WHAT YOU WILL DO = For the entries below, repeat exactly each line starting with the one that contains "Рассмотрим проектирование базы" and going on through the one that contains "手持棍由后经下向右前上方撩出,力达棍梢(109)。", and no others.

DATA =
# # # # #

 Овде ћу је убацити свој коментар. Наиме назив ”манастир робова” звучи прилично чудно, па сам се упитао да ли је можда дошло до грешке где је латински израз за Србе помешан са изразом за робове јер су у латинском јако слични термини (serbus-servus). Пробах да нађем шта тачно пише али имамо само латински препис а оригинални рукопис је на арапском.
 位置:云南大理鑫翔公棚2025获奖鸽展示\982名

# # # # #

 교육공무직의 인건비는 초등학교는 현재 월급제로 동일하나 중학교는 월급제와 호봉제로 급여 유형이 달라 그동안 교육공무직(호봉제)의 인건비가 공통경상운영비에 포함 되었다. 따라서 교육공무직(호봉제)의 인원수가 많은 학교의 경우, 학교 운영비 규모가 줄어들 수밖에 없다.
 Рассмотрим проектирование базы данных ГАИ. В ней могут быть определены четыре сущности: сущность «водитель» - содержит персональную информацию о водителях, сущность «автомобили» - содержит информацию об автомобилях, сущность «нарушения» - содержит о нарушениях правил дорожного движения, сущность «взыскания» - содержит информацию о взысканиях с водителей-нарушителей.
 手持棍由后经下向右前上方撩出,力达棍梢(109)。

# # # # #

REPLY =
 Рассмотрим проектирование базы данных ГАИ. В ней могут быть определены четыре сущности: сущность «водитель» - содержит персональную информацию о водителях, сущность «автомобили» - содержит информацию об автомобилях, сущность «нарушения» - содержит о нарушениях правил дорожного движения, сущность «взыскания» - содержит информацию о взысканиях с водителей-нарушителей.
 手持棍由后经下向右前上方撩出,力达棍梢(109)。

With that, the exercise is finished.